和酒を飲むことは「地域のストーリー」を飲むこと 球磨焼酎メーカートップが語る業界再興のカギ
熊本県南部を中心に大きな被害をもたらした豪雨災害から、9月4日で2カ月。人吉・球磨地方でおよそ500年続く球磨焼酎業界でも今回の災害で大きな被害を受けた。「白岳」「白岳しろ」などのブランドで知られる業界最大手・高橋酒造の高橋光宏社長に、被害状況や業界再興のヒントを聞いた。
「地元の文化が失われないように」と義援金7000万円
高橋酒造では、人吉市内の倉庫が浸水。焼酎3万本を廃棄することになった。所有する温泉施設も水につかるなど、同社の被害は小さくない。それでも同社では7月22日、豪雨災害の義援金として、県に7000万円を贈っている。
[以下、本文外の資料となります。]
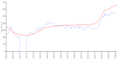
Avenue On Brickell (West Tower) vs Miami
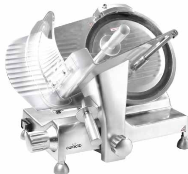
HBS-300L - 12" Slicer
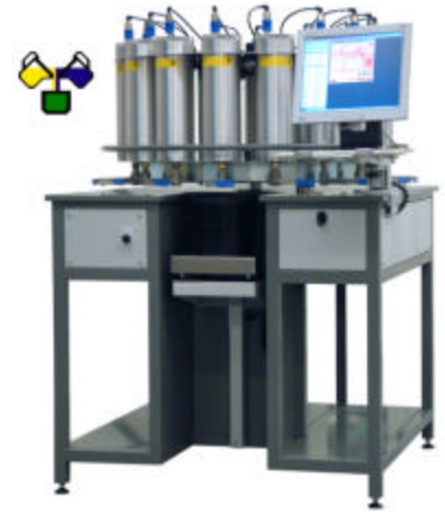
Model CD14 Manual

'This compact dispensing system releases valuable labour, saving time, ink and ensuring accurate and repeatable ink formulation time after time.'
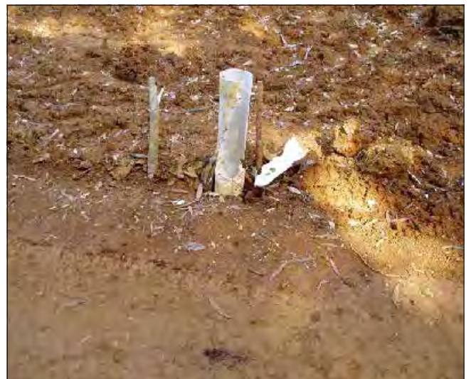
Smashed unsealed PVC collar.
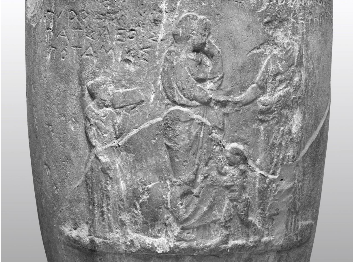
Fig. 6. 1, relief. Chatsworth. © Forschungsarchiv für Antike Plastik. Köln. Photograph no. FA 1276-10. Photograph: R. Laev.
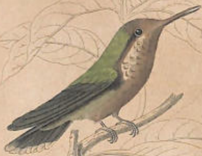
TROCHILUS MAGNIFICUS. Young Male.
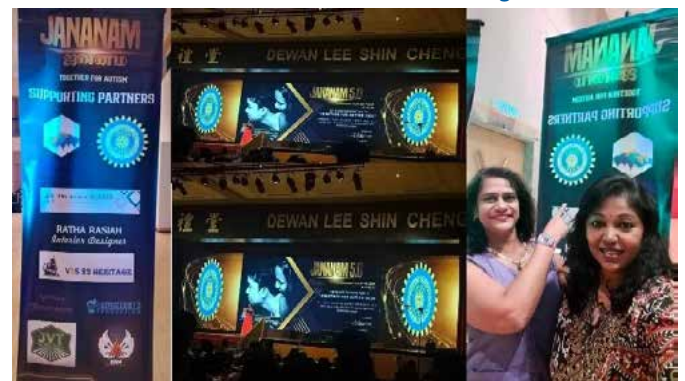
May 2025 – Community Out Reach Supporting Sponsor for Jananam 5.0 – Together for Autism
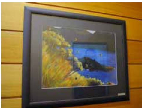
MEECH, Sue The Last Rays of '99 Pastel on paper 65 x 80 2004 Acquired 2004
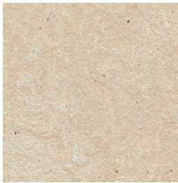
Lightly marbled texture
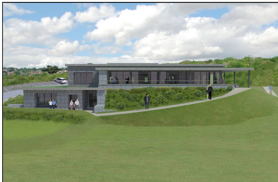
An artists' impression of the new Clubhouse

The new facility could mean the club will be able to attract businesses and societies, thus increasing revenue and ploughing the profits back into the town.
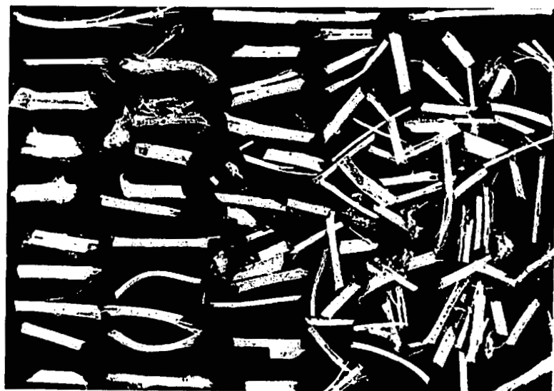
Old, dried-up dung balls and the remnants of small twigs, etc., separated from this dung. Such twig parts always lacked bark remains
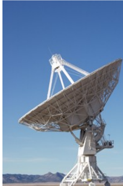
Fig 3: VSAT Antenna Ground Station
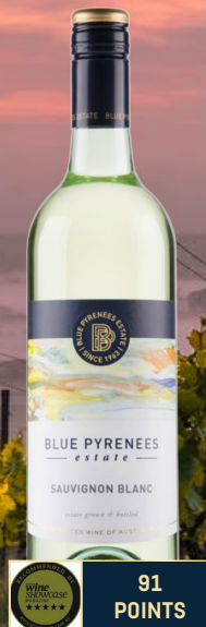
2020 Sauvignon Blanc
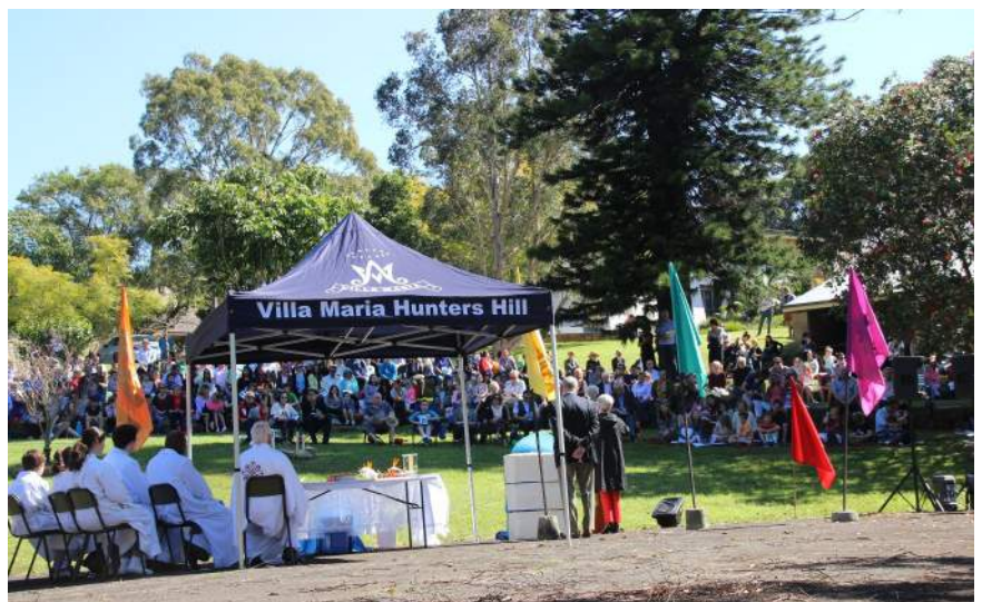
Left: School leavers' sign at Marist Sisters' College, Woolwich. Above: HNM feast day Mass, Villa Maria. Below: Barbecue collusion, Villa Maria?
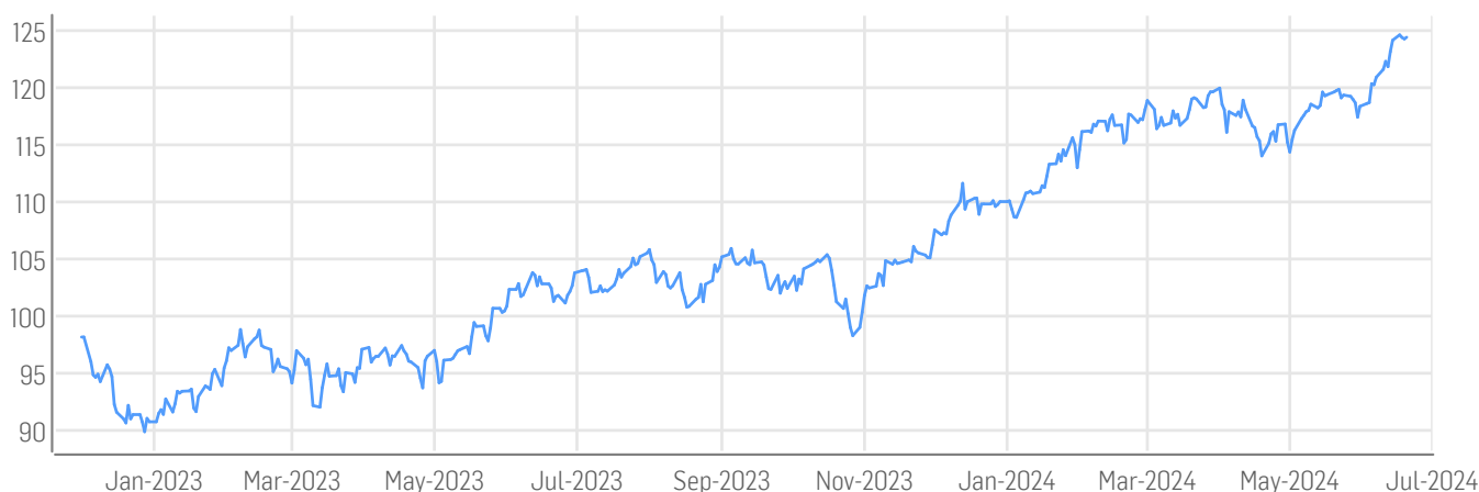
■ Solactive Osmosis Resource Efficient Diversified NAM Core Equity Index PR
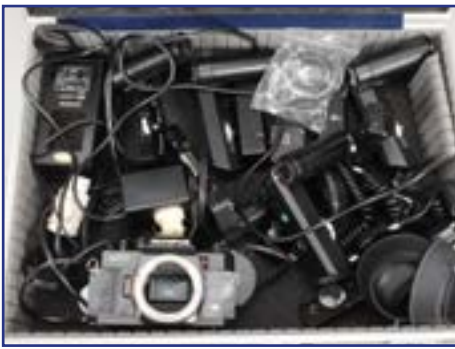
461. Olympus Accessories , including, grips, power winders, flash units, cables, cases, lens hoods, in two aluminum flight cases and tamron bag £80-100
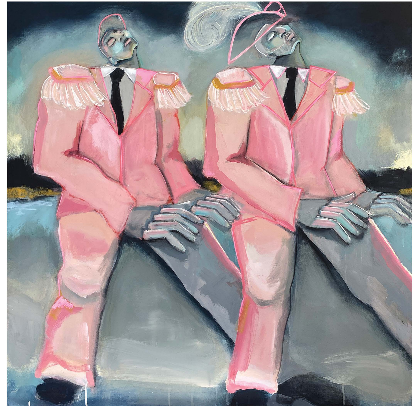
Let There Be Rain Dancers, oil on canvas, 40 x 40, 2023

GREG KUCERA GALLERY 212 THIRD AVENUE S SEATTLE, WA 98104 206.624.0770 www.gregkucera.com staff@gregkucera.com
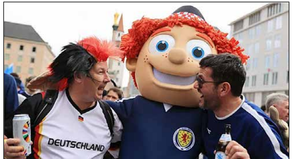
Getting intae the spirit: Scottish fans in Munich
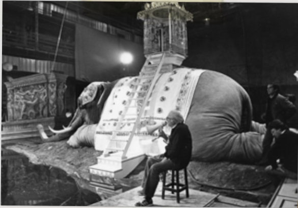
Fellini on the set in Cinecittà, Intervista
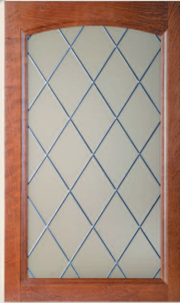
CATHEDRAL (AS PICTURED)

Kivi diamonds and border Glue Chip background Platinum Lead
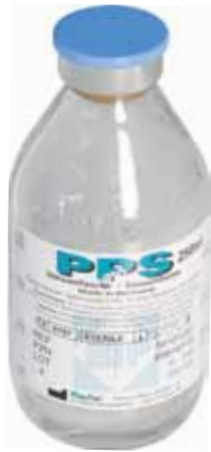
Vacuum citrate glass bottle
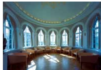
The Rotunda was added to Parliament House in 1908.
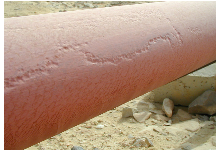
A close-up of the general corrosion on the pipeline.
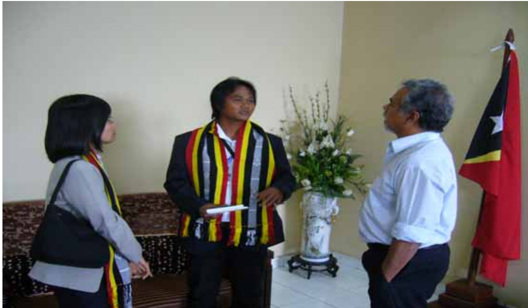
ANFREL observers sharing their findings with H.E President of Timor Leste

government and public facilities. The conflict spread to the grassroots in no time and crystallized as an ethnic issue between the East Timorese in West and East (Lorosae versus Loromono). Hatred and attacks have developed between them, and moreover the civilian harmony has been broken and is worsening because of conflict among gangsters.. The city was under a crackdown until President of RDTL called in international troops to handle security and declared a emergency laws to control the situation.
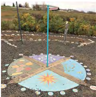
Sundial at the Georgeson Botanical Gardens.

ankn.uaf.edu/curriculum/Athabascan/ObservingSnow/fourcorners.html
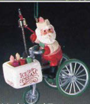
Kringle's Kool Treats 8th Ed.
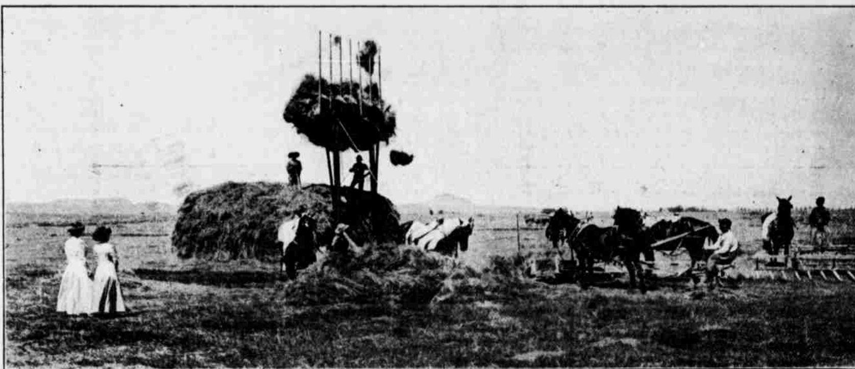
Haying Time on a Ranch

2,500 acres patented, and a school section. Two and one-half miles from post office. School on land. Ample hay. Snake river, never dry, runs mile and half through land. Two frame houses, blacksmith shop, stable, cattle sheds, windmills, tanks, etc.
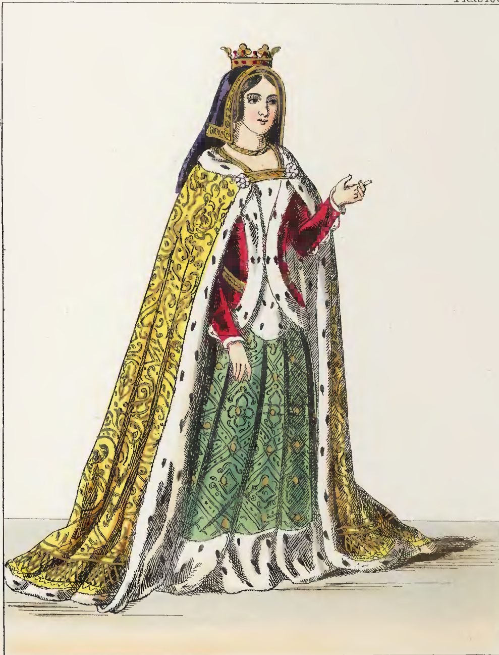
SPAIN—ISABELLA OF CASTILE—1487.

Published by T. H. LACY, 89, Strand, London.
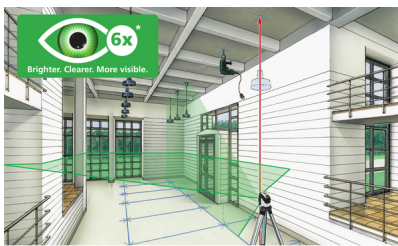
* Approx. 6 times brighter than a typical red laser with 630 - 660 nm
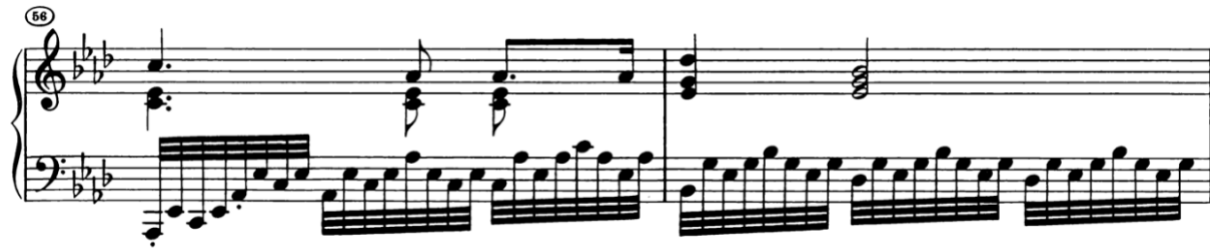
Figure 2.6 Moderato cantabile molto espressivo , recapitulation, mm. 56–57.

The process of modulation that Beethoven uses is fascinating. He uses the D\flat in m. 66 to modulate enharmonically (changing the note to C sharp) to the remote key of E major. From mm. 67–78, the music unfolds in E major until a transition in m. 78 where the music returns to the tonic. From here until m. 97, the second theme unfolds in A\flat . A transition to the coda begins in m. 97. Here, Beethoven expands the sixteenth-note idea of mm. 93–94, using the sixteenth notes in the right hand as a connecting bridge to the chord progression in the left hand: A\flat flat, B\flat 7 (V/V), and E\flat . This leads to a chord progression in m. 101 that prepares the listener to the arrival of the coda.
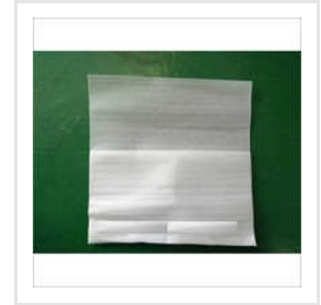
EPE Laminated Pouch
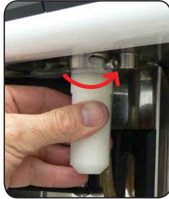
Unlock the Foamer by twisting it to the right
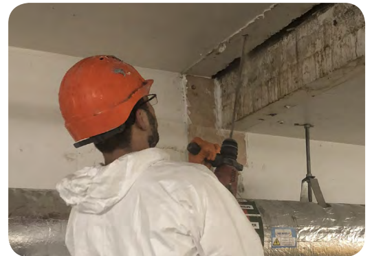
2. Drilling a hole for a 10mm injection packer above the movement joint that needed sealing
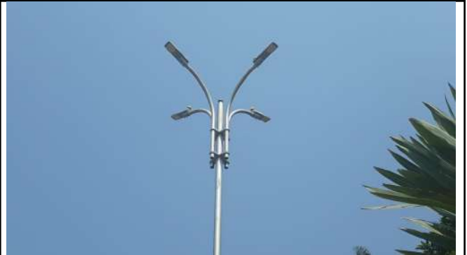
Figure 16: Campus Muzambinho new LED lamps.
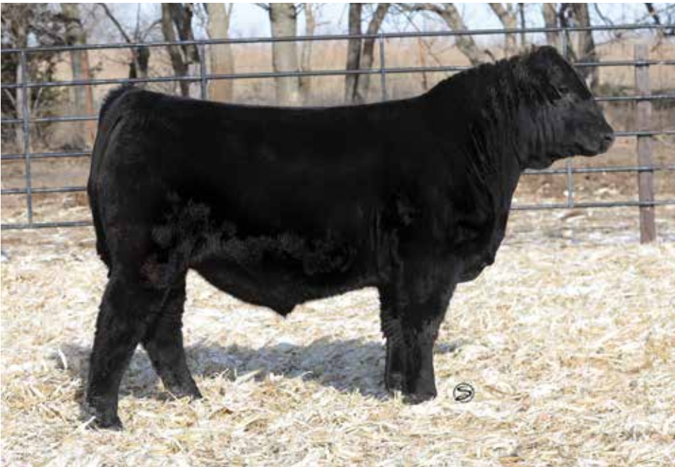
LOT 25 | HCCO REMEDY 516K
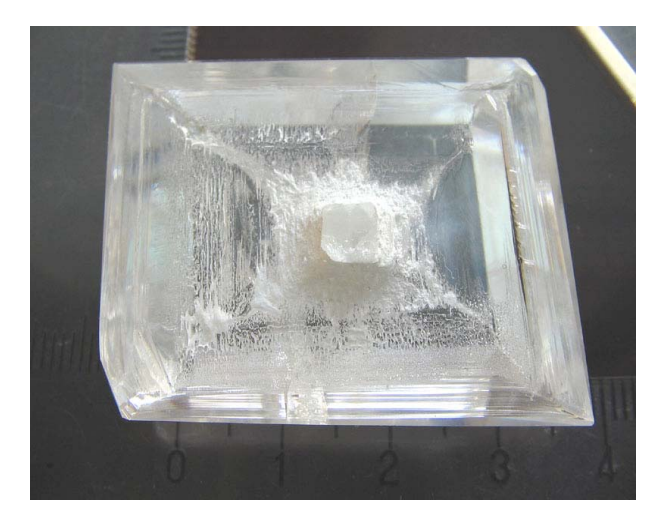
Figure 1. The as-grown KLuW crystal with seed orientations along b directions and severe cracks along a and (a + c) directions.

crystal. Figure 2(a) shows the melt inclusions observed at the edge of the (110) face and we can see that they are large size up to hundreds of microns in length. They may be caused by the rapid cooling-rate during the last stage of crystal growth, the segregation phases formed in the system, or the multi-steps' meeting in the developing process. In addition, we suggest that the negative crystal, which is formed by the negative growth, has been formed in the melt inclusion shown in Figure 2(b) due to its regular morphology as the same of the crystal. On the other hand, the inclusions can also be caused by the impurities and insoluble particles. Figure 2(c) shows the inclusions containing insoluble particles with micrometer scale observed on the (200) faces. They often result in the step bunching and so high-purity materials should be selected to avoid impurities and insoluble particles. The inclusions described above are often symbiotic in the crystal during crystal growth. However, when the temperature
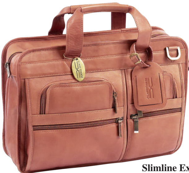
Slimline Executive Brief

高橋社長は「災害で地元の文化が失われないように」と、義援金に込めた思いを説明する。
「焼酎」「日本酒」といった「和酒」の文化をいかにして盛り上げていくかという点は、高橋社長が頭を悩ませている点だ。新型コロナウイルス感染症により、今も居酒屋をはじめとする外食産業は厳しい環境が続いている。海外からのインバウンド観光客が見込めず、和酒の素晴らしさをアピールする機会も極端に減っている。「これまでは海外の方が日本を訪れて文化を味わい、それを自国に帰ってPRしてくれていた部分がある。これがなくなったのは、和酒業界全体として非常に厳しい」と吐露する。そこに襲ったのが今回の豪雨災害だった。
ストーリー中心のPRを
高橋社長は「和酒は地域とのつながりが極めて強いお酒だ。地元の人が飲めば、『愛郷心』が育まれる。地域以外の人が飲めば、地域のことを知ったり、地域と関りを持ったりすることにもつながる。和酒を飲むことは『地域のストーリー』を飲むことと私は考えている」と和酒の楽しみ方を説明する。このことを念頭に、特に球磨焼酎業界について「PRのやり方をストーリー中心のものに変えていく必要がある。それぞれの蔵元に、興味深いストーリーが眠っている。新型コロナウイルス感染症と豪雨災害で厳しい環境に置かれているが、伝え方を変えることに業界を盛り上げるヒントがあるのではないか」と提言する。
また高橋社長は、「球磨焼酎は地域外の“外貨”を稼げるという意味でも、地元にとって重要な産業。球磨川が育んだ貴重な文化でもあり、持続させていかなければならない」と強調。その上で、「高橋酒造としては地域への継続的な復興支援に取り組んでいきたい」としている。
「豪雨災害が来年起こらない保証はない」
高橋社長は、焼酎かすのリサイクルを目的とする第三セクター「球磨焼酎リサイクリーン」(人吉市)の社長としての顔を持つ。
リサイクリーンは、球磨焼酎の蔵元26社と人吉・球磨地方の7市町村が共同出資して2003年に設立された。焼酎造りに伴う産業廃棄物である「焼酎かす」から、肥料原料やエタノールを生み出している。
かつては大量の焼酎かすが海洋投棄されていた。しかし、リサイクリーンの誕生により、エコシステムが完成。環境への負担は大きく軽減されている。肥料原料は農家にわたり、その農家が焼酎原料の米を生産。そして焼酎メーカーが米焼酎を生産し、焼酎かすをリサイクリーンで処理するという流れだ。経営状態は良好で、黒字を維持。昨年借入金をすべて返済し終えたばかりだった。
同社によると、今回の災害で工場が水につかった。水の高さは2メートルに達したという。モーターの駆動部分などが使用できなくなり、復旧には2億円ほどかかるとみられる。
高橋社長は、「球磨焼酎文化を維持させるためにも、地元で焼酎かすの処理までを完結させる仕組みは不可欠。補助金も活用しつつ必ず再建させたい」と強調。一方で、近年は「50年に1度」という表現をニュースで毎年のように耳にするとした上で、「今回のような豪雨災害が来年起こらない保証はない。駆動部分を工場の高い位置に設置するなどの対策が必要になってくるだろう」と説明する。また、「リサイクリーンとしては工場を一刻も早く復旧させ、エコシステムを再び機能させられるよう全力を尽くす」と決意を語った。